The other day, an experience at my school dining hall made me slightly sick to my stomach, and it wasn’t because of the food. It was because of a conversation I overheard that went something along the lines of:
“There are gay guys who are aren’t fags at all and guys who aren’t gay but act like total fags.”
The statement bothered me because this guy felt he had the right to describe people using an insensitive slur. It also had me confused; if the word fag doesn’t apply to homosexuality, what does it apply to? Just because the definition has shifted, does it make it okay to use?
Louis C.K. is funny. I know that sounds totally unrelated, but stay with me. Louis is a great comedian, but he has a bit of stand up involving use of the word “faggot” that I do not love so much.
He specifically says, “I would never call a gay guy a faggot, unless he was being a faggot, but not because he’s gay. You know what I’m saying.”
I wasn’t sure what he was saying, so I heard him out. He goes on to explain the only reason he would apply “fag” to gay men: “If one of them…started acting all faggy and saying annoying faggy things, You know, ‘People from Phoenix are Phonecians’ or something like that, I’d be like, ‘Hey, shut up, faggot.’”

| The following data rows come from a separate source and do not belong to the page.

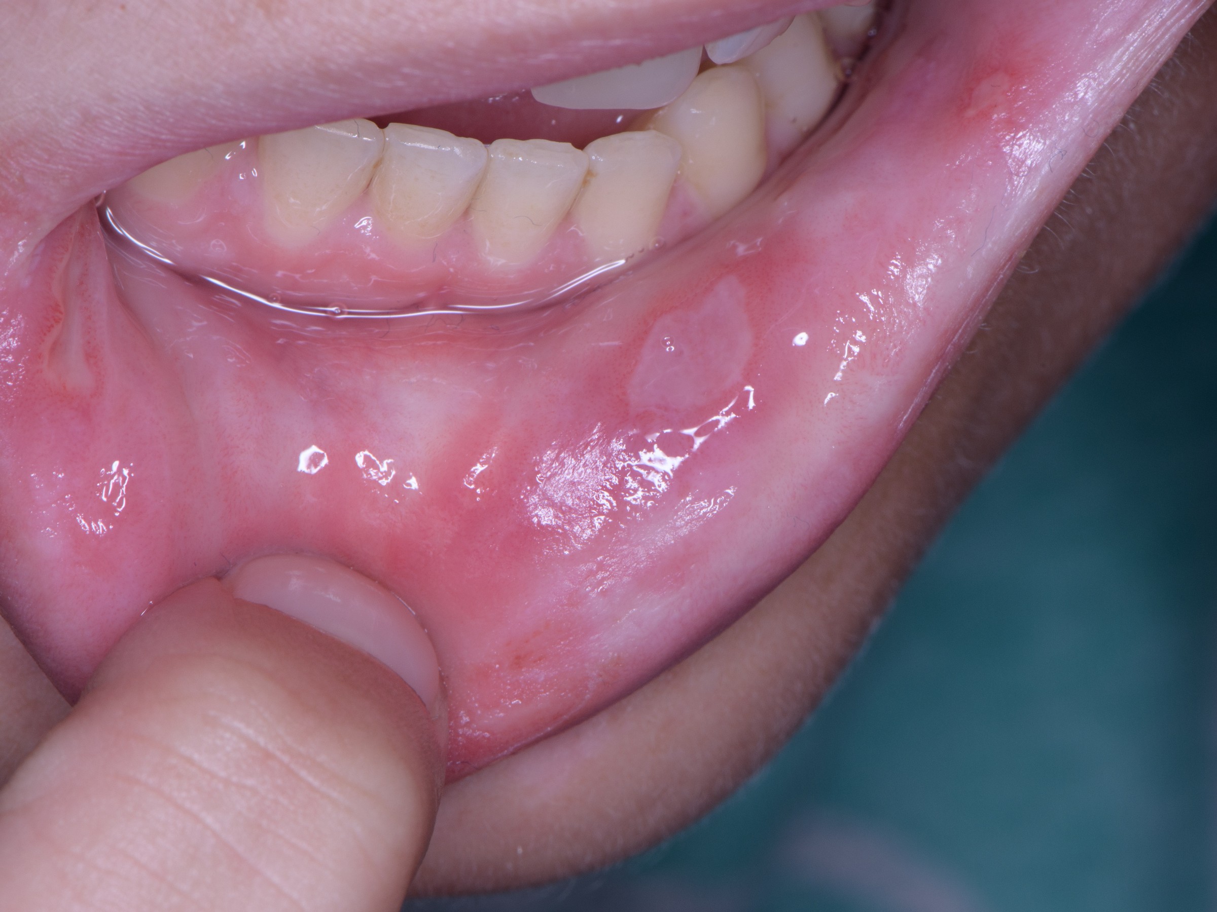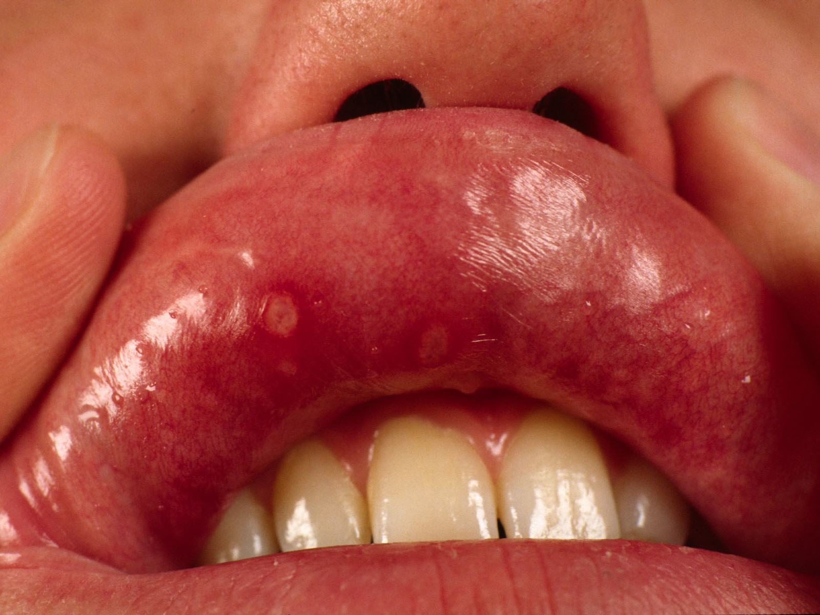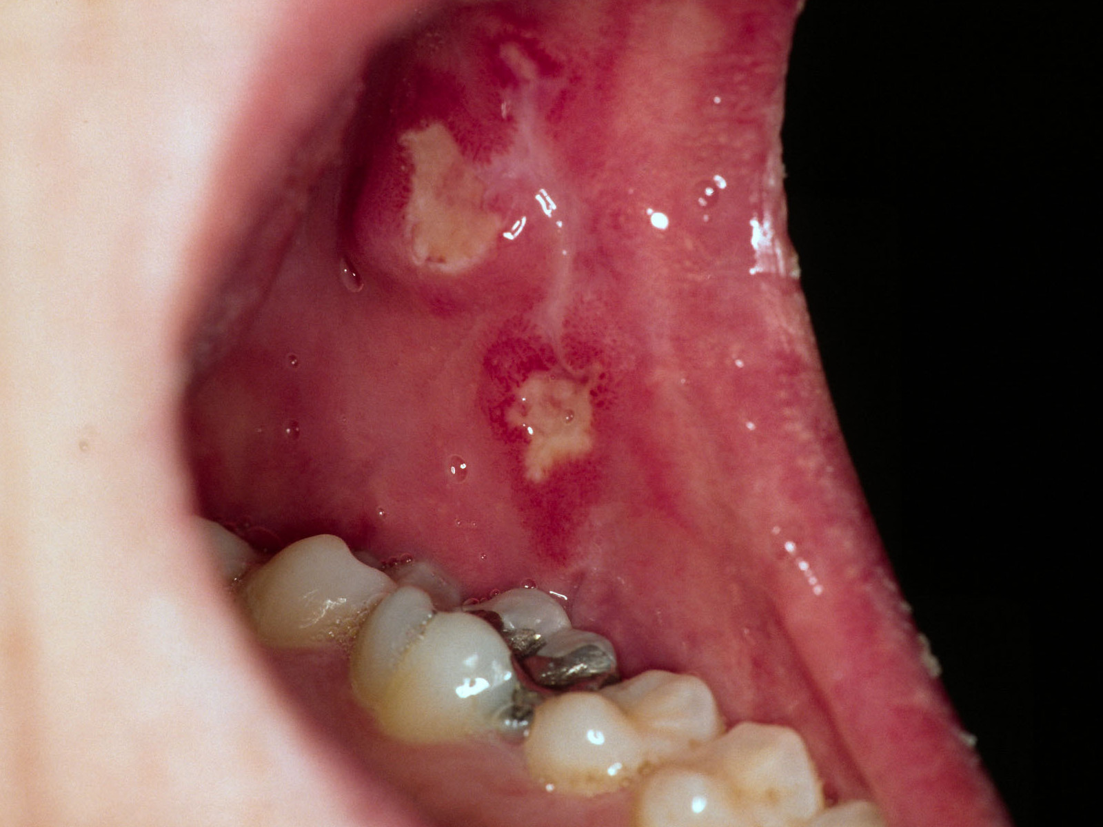 Meestal gaat het om 1 of meerdere oppervlakkige, pijnlijke ulcera op het mondslijmvlies,
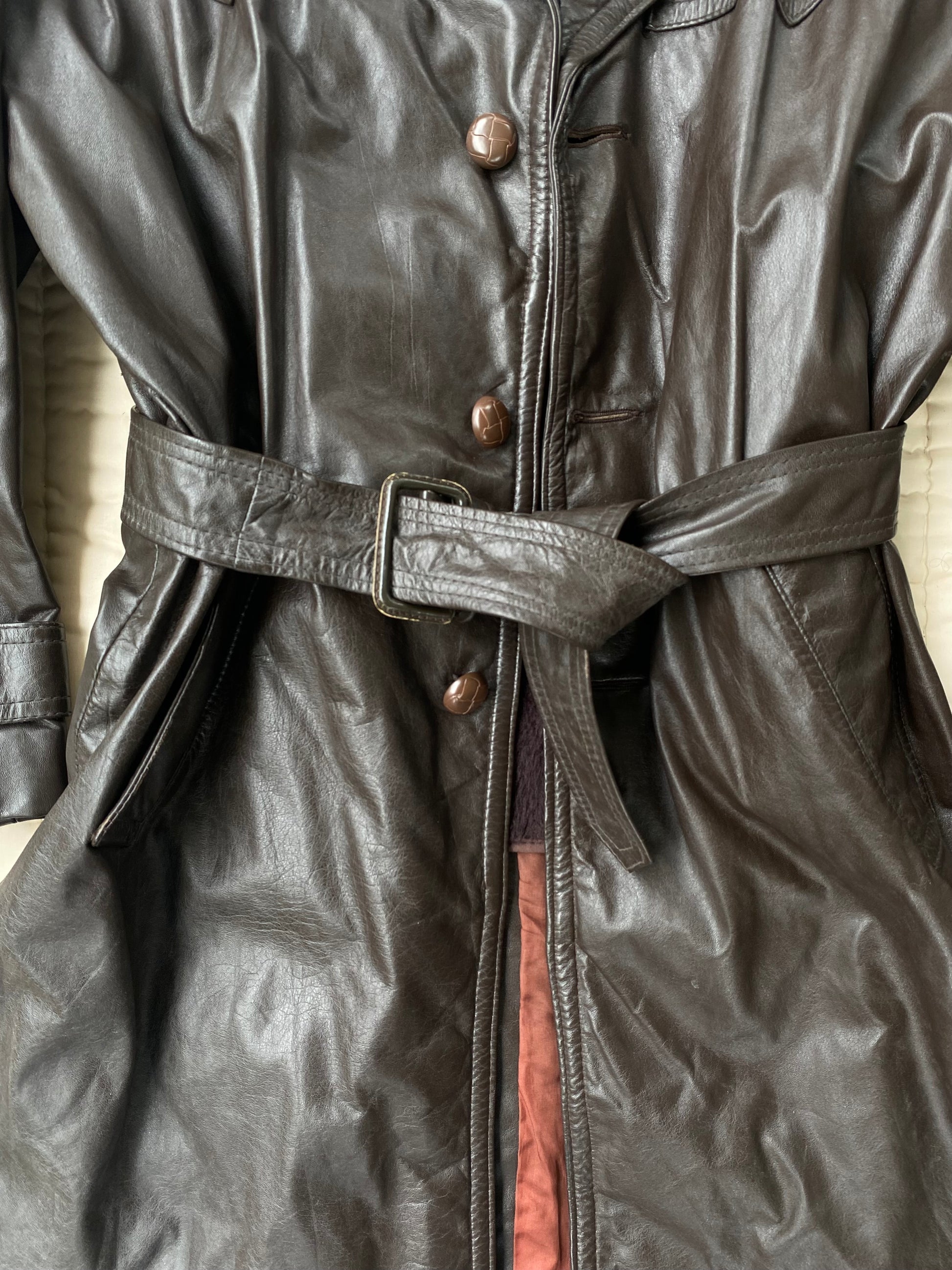 Vintage 1970s Franco Canadian Brown Leather Trench Coat – Size 36
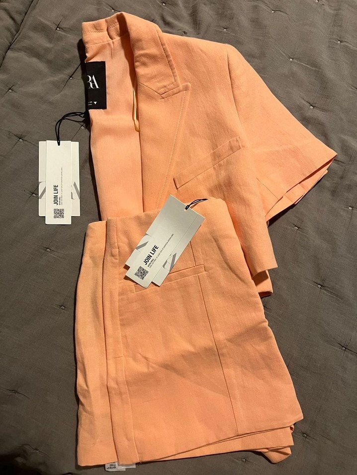 Kısa kollu, çentikli yaka blazer ve mini boy şortlardan oluşan somon keten kadın takım elbise. Rahat kesim, günlük iş kullanımı için şık ve rahat.

So, according to Louis. C.K, “faggot” is defined not by homosexuality, but by a characteristic of being irritating.
Maybe the dining hall guy shared this sentiment. I know Louis was trying to make a point that his use of the word isn’t homophobic, but I was still unsettled by it.
Okay, so a word has a different meaning for you than it does for other people, sure. But does this make it right for you to say it? The problem is that words like “fag” have been used negatively for years. “Faggot,” although historically defined as “a bundle of sticks,” turned into the shortened word “fag” when it appeared in America as a slang term for homosexual men in the early 20th century. It was used around the same time in England to insult women who were considered irritating.
Words with such a derogatory history are still hurtful and offensive today.
You may be using it in good humor or with a close friend, but that doesn’t mean what you’re saying won’t be hurtful to someone else. The individual doesn’t get to decide what is offensive, especially if they are not part of the group that is being insulted.
Maybe it’s a case of reclaiming the word. People seem to assume that if we use “fag” as a term that doesn’t apply to homosexuality, maybe it will lose its offense. However, it seems to me that we’re not reclaiming it as something positive, because we’re still using it as an insult and term of shame.
We have redefined the word to not often explicitly apply to homosexuality, but rather to characteristics and actions that are failures of masculinity. In the book Dude, You’re a Fag, C.J. Pascoe writes about the way the word is used among high school students in relation to masculinity and sexuality.
According to the students Pascoe interviews, the word “fag” only applies to guys and is used for almost anything: “Like you were trying to turn a wrench the wrong way, ‘Dude, you’re a fag.’ Even if a piece of meat drops out of your sandwich, ‘You fag!’”
Apparently these are actions that characterize failure of what we have defined as masculine.
Pascoe observes the guidelines for the word’s use among teenagers:
“Becoming a fag has as much to do with failing at the masculine tasks of competence, heterosexual prowess, and strength or in any way revealing weakness or femininity as it does with sexual identity.”
This can be seen again when popular female rap artist Azealia Banks, posted a twitter status clarifying her definition of the word:
“A faggot is not a homosexual male. A faggot is any male who acts like a female. there’s a BIG difference.”
Hold up. So, being homosexual isn’t the problem, but male-femininity regardless of sexual orientation is? By this logic, we are using femininity as a way to insult and shame men. This seems to mean that if you act irritating, weak or incompetent, you are acting like a girl, and vice versa.
Not only is this degrading to women by implying that femininity is equal to failure and masculinity is equal to success, it’s oppressive to men because it creates a concept of masculinity that they have to achieve, or else they will be shamed.
This doesn’t seem to solve the problem at all.
The guy at the dining hall is probably not reading this. But if he is, I would just like to remind him to think before he decides to redefine words and use them however he wants. I would ask him to consider that his words can have an effect, whether it’s towards people who have suffered from the insult because of their sexual orientation, towards females whose characteristics are equated with failure, or towards males who are being shamed into a tight construct of masculinity.
Whatever the case, it is important to keep in mind that words carry powerful meanings and we should be aware of how we use them.